The Royal Society of Chemistry was an intellectual centre for scientists and industrialists who pioneered the use of hydrocarbons derived from stores of crude oil and seams of coal.

The Royal Society provided intellectual support for the scientists who made the Industrial Revolution possible – and then endorsed the conclusions by a new generation that first identified the dangers inherent in atmospheric pollution, and then began systematically measuring the cost to the planet’s environment of such advances.

The signatories also include the Institutions of Civil Engineers and Chemical Engineers, members of which played a powerful role in the spread and advance of a fossil-fuel burning economy, as well as the Zoological Society of London, which has been more concerned with protecting the wildlife at risk from human activity, and the Royal Meteorological Society,  whose members have identified, measured and projected all the evidence of climate change.

Calling on the British government to show leadership on climate action, when the world’s nations meet in Paris in December to try once more to reach an enforceable agreement on cuts in greenhouse gas emissions, Lord Stern, the President of the British Academy, said: “The UK led the world with both the modern scientific revolution and the industrial revolution, and must again lead now on the creation of a safer, cleaner and more prosperous world.
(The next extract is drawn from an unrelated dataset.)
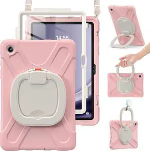 Vszerda Case for Sam-sung Galaxy Tab S10 Lite/S10 FE 2025 & S9 FE/S9 2023 & S8/S7 10.9"/11" | Heavy Duty Silicone Cover with Handle Grip, Kickstand, Shoulder Strap & S Pen Holder, Sakura Pink

“Tackling climate change is a responsibility for the whole world, but the UK has a special position at the forefront of international efforts.”

The communiqué points out that while climate change poses far-reaching threats, the ways in which humankind tackles the issue present great opportunity, with vast potential for innovation in low-carbon technologies.

But not to take action could be catastrophic. “At or above 4°C, the risks include species extinction, global and regional food insecurity, and fundamental changes to human activities that today are taken for granted,” the communiqué says.